What needs to be done. Aside from the pictures, copy the listing exactly.
---------- Task inputs ----------
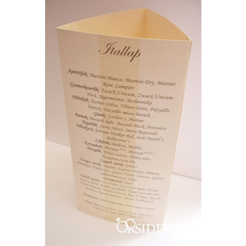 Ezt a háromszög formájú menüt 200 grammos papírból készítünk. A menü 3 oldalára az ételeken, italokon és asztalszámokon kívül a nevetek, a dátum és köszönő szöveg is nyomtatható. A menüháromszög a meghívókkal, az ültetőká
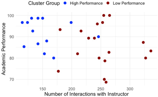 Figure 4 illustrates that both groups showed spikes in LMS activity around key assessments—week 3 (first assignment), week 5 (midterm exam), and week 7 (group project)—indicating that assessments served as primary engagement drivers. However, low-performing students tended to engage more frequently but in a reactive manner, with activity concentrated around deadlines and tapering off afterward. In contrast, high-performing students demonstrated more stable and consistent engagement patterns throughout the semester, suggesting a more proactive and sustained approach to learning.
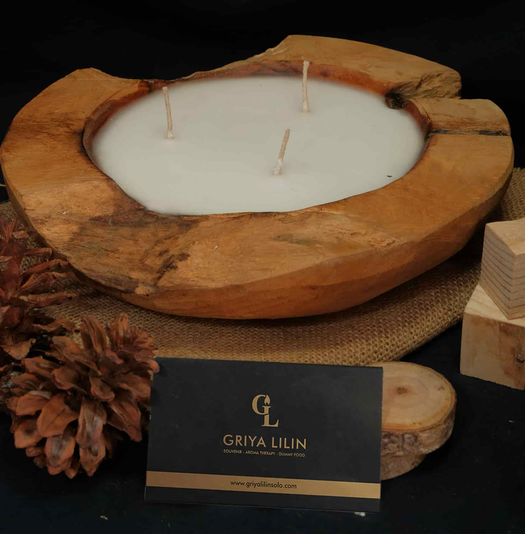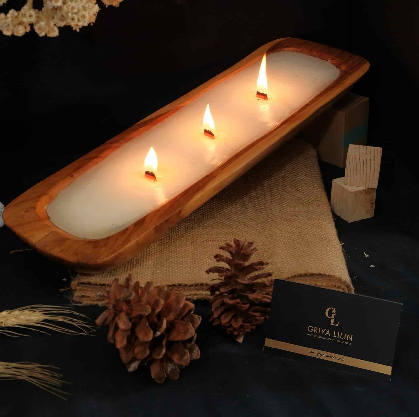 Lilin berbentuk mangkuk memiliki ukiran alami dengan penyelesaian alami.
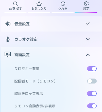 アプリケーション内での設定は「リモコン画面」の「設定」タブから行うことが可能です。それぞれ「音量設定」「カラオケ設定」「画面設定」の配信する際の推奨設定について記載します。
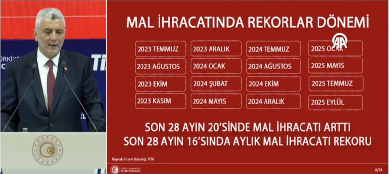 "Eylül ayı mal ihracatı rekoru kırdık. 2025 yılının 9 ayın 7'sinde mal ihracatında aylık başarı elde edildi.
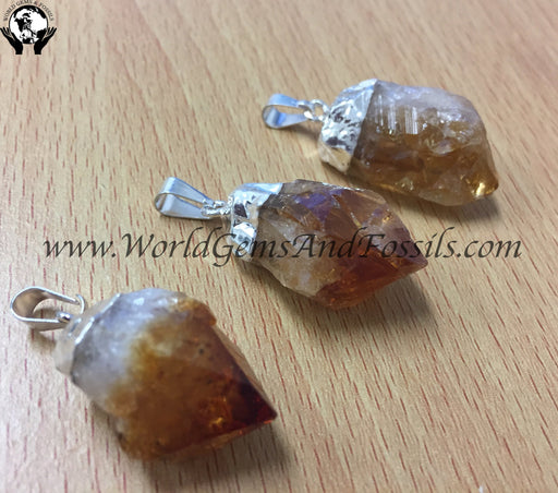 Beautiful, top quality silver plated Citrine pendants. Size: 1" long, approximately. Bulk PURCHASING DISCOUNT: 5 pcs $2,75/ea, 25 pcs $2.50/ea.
----------
Response box.
 Ezt a háromszög formájú menüt 200 grammos papírból készítünk. A menü 3 oldalára az ételeken, italokon és asztalszámokon kívül a nevetek, a dátum és köszönő szöveg is nyomtatható. A menüháromszög a meghívókkal, az ültetőká
 Figure 4 illustrates that both groups showed spikes in LMS activity around key assessments—week 3 (first assignment), week 5 (midterm exam), and week 7 (group project)—indicating that assessments served as primary engagement drivers. However, low-performing students tended to engage more frequently but in a reactive manner, with activity concentrated around deadlines and tapering off afterward. In contrast, high-performing students demonstrated more stable and consistent engagement patterns throughout the semester, suggesting a more proactive and sustained approach to learning.
 Lilin berbentuk mangkuk memiliki ukiran alami dengan penyelesaian alami.
 アプリケーション内での設定は「リモコン画面」の「設定」タブから行うことが可能です。それぞれ「音量設定」「カラオケ設定」「画面設定」の配信する際の推奨設定について記載します。
 "Eylül ayı mal ihracatı rekoru kırdık. 2025 yılının 9 ayın 7'sinde mal ihracatında aylık başarı elde edildi.
 Beautiful, top quality silver plated Citrine pendants. Size: 1" long, approximately. Bulk PURCHASING DISCOUNT: 5 pcs $2,75/ea, 25 pcs $2.50/ea.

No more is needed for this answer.